┌──

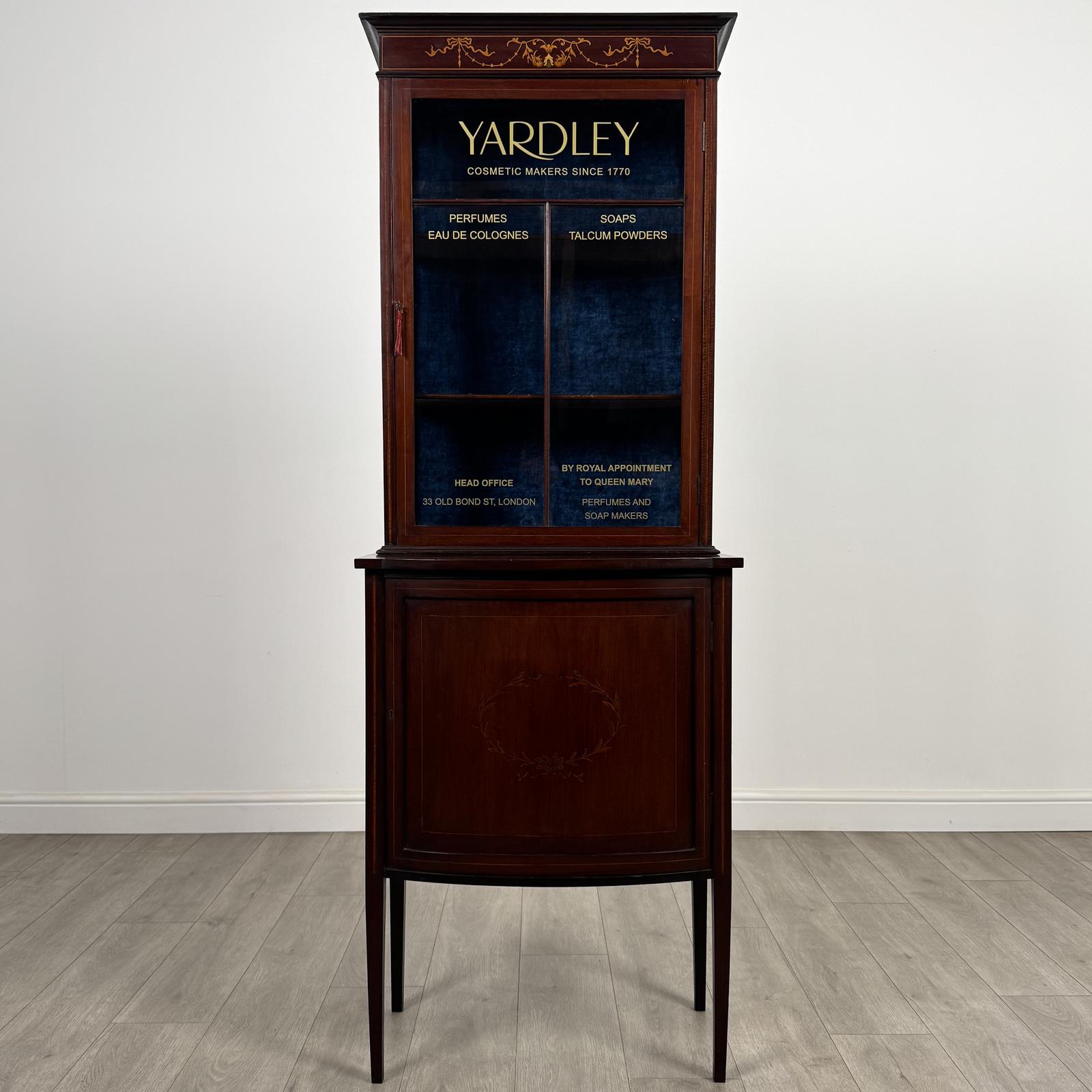The piece is stood on elegant tapered legs and is beautifully inlaid with satinwood stringing, enhancing the rich mahogany tones. A particularly striking feature is the original Yardley decoration to the upper glass, with beautiful writing advertising Yardley, cosmetic makers since 1770. This is complemented by a stunning blue interior, creating a wonderful visual contrast.
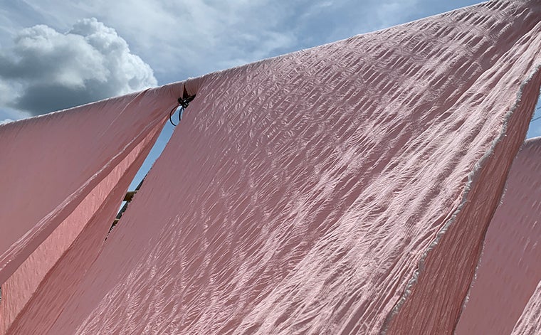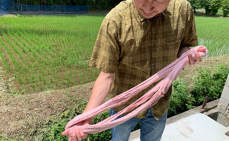まずは、従来通りの染色方法でイチゴ染めをして、どれくらいの濃度で染まるのかやってみたのですが、結果は、全く染まりませんでした。今までのやり方をしていてはダメ。新たな染料の作り方を試行錯誤し、何度もやり直しをしました。どうしても、播州産地にある設備でつくりたい。ここにあるものでどうやればできるのか、実験を重ねました。従来の工場で安定的に生産できて、商品として安全な堅牢度を保つ染め方とは何か。今までにないノウハウを生み出すことに挑戦したのです。
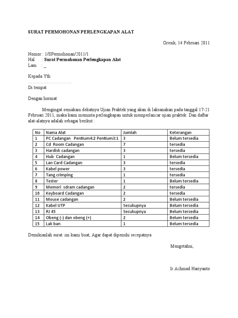 Contoh Surat Permohonan Pengadaan Alat Tulis Kantor Contoh
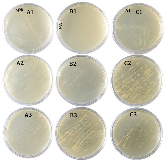 Aliquots (100 µL) of each sample were plated onto Mueller–Hinton agar using a sterile 10 µL loop and streaked in three directions to achieve semi-quantitative isolation. Plates were air-dried for 10 min and then incubated at 35 °C for 18 h. Colony-forming units (CFUs) were enumerated and converted to CFU/cm2 using the following calculation:
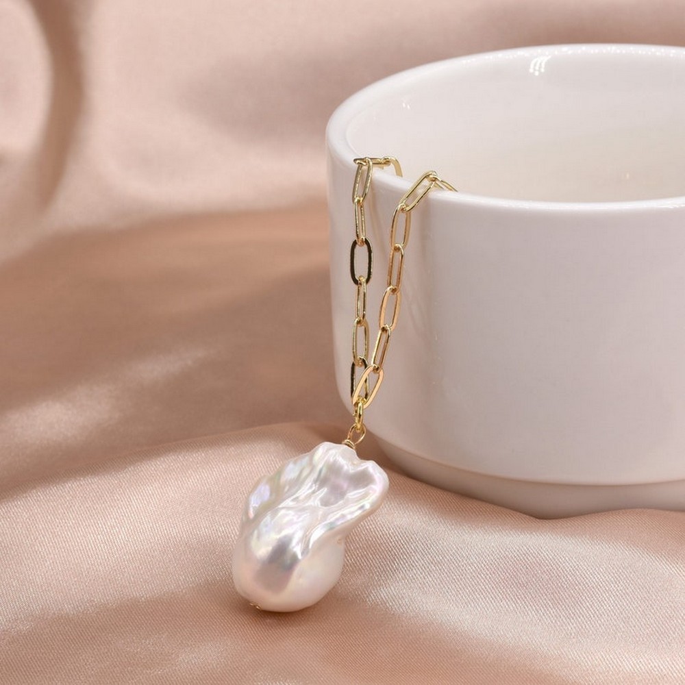 Wear this baroque pearl necklace with deep necklines or satin fabrics to highlight its organic shape, and store it in a soft-lined box to protect the pearl’s surface.
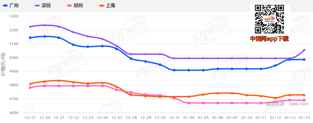 截至1月14日,全國237家流通商周均成交量11.92萬噸,周均成交量環(huán)比減少2.84萬噸,減幅為19.24%。據(jù)不完全統(tǒng)計,40家電弧爐獨(dú)立建筑鋼材生產(chǎn)的鋼廠中,已有25家停產(chǎn),占62.5%。其中,1月1日前停產(chǎn)的鋼廠占24%,而1月1日至1月10日停產(chǎn)的鋼廠占60%,處于鋼廠集中停產(chǎn)階段。根據(jù)市場收集的信息來看,獨(dú)立電弧爐建筑鋼材鋼廠平均成本4817元/噸,周環(huán)比上升93元/噸。當(dāng)前電弧爐鋼廠虧損嚴(yán)重,尤其是飽和生產(chǎn)的情況下,噸鋼虧損超百元。
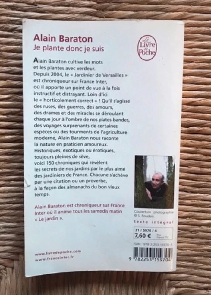 Livre en bon état (BP1) Alain Baraton Je plante donc je suis ⚠️📦 envoi mondial relais relais colis chronopost ou colissimo 📦⚠️ #bouquinaix #baratonbouquinaix réduction et frais de port groupés des l’achat de deux articles. #jeplantedoncjesuis #alainbaraton
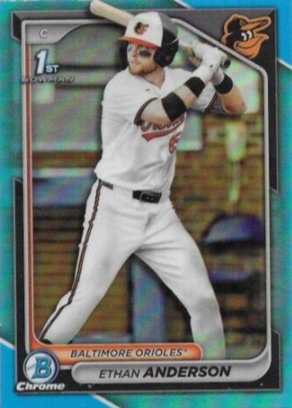 The Ethan Anderson 2024 Bowman Draft #BDC-79 Chrome - Sky Blue Refractor (1st) card in Raw condition has moved up $0.26 (+26.3%) in the last 30 days and was last sold for $1.25 .
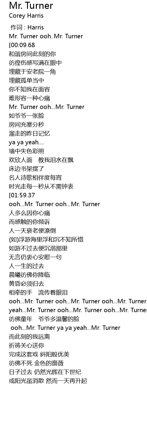 | [03:33.57][01:59.37] | Mr. Turner ooh... Mr. Turner |
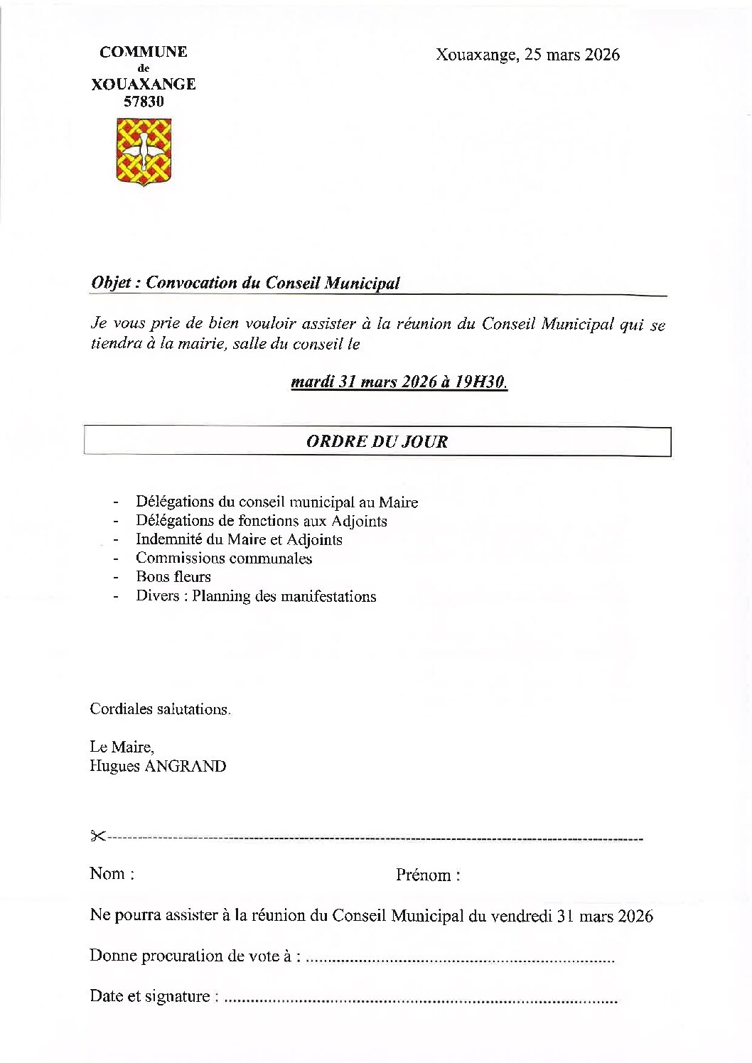 REUNION DU CONSEIL MUNICIPAL 31 MARS 2026
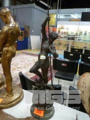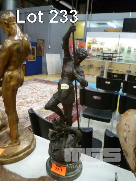 BRONZE FIGURE OF KNIGHT & DRAGON, MOUNTED ON MARBLE BASE

└──

• _What needs to be done_: Hand back the exact lines from the start of the entries to the line with "Contoh Surat Permohonan", both ends kept and pictures left out.

• _Completed task_:
The piece is stood on elegant tapered legs and is beautifully inlaid with satinwood stringing, enhancing the rich mahogany tones. A particularly striking feature is the original Yardley decoration to the upper glass, with beautiful writing advertising Yardley, cosmetic makers since 1770. This is complemented by a stunning blue interior, creating a wonderful visual contrast.
まずは、従来通りの染色方法でイチゴ染めをして、どれくらいの濃度で染まるのかやってみたのですが、結果は、全く染まりませんでした。今までのやり方をしていてはダメ。新たな染料の作り方を試行錯誤し、何度もやり直しをしました。どうしても、播州産地にある設備でつくりたい。ここにあるものでどうやればできるのか、実験を重ねました。従来の工場で安定的に生産できて、商品として安全な堅牢度を保つ染め方とは何か。今までにないノウハウを生み出すことに挑戦したのです。
 Contoh Surat Permohonan Pengadaan Alat Tulis Kantor Contoh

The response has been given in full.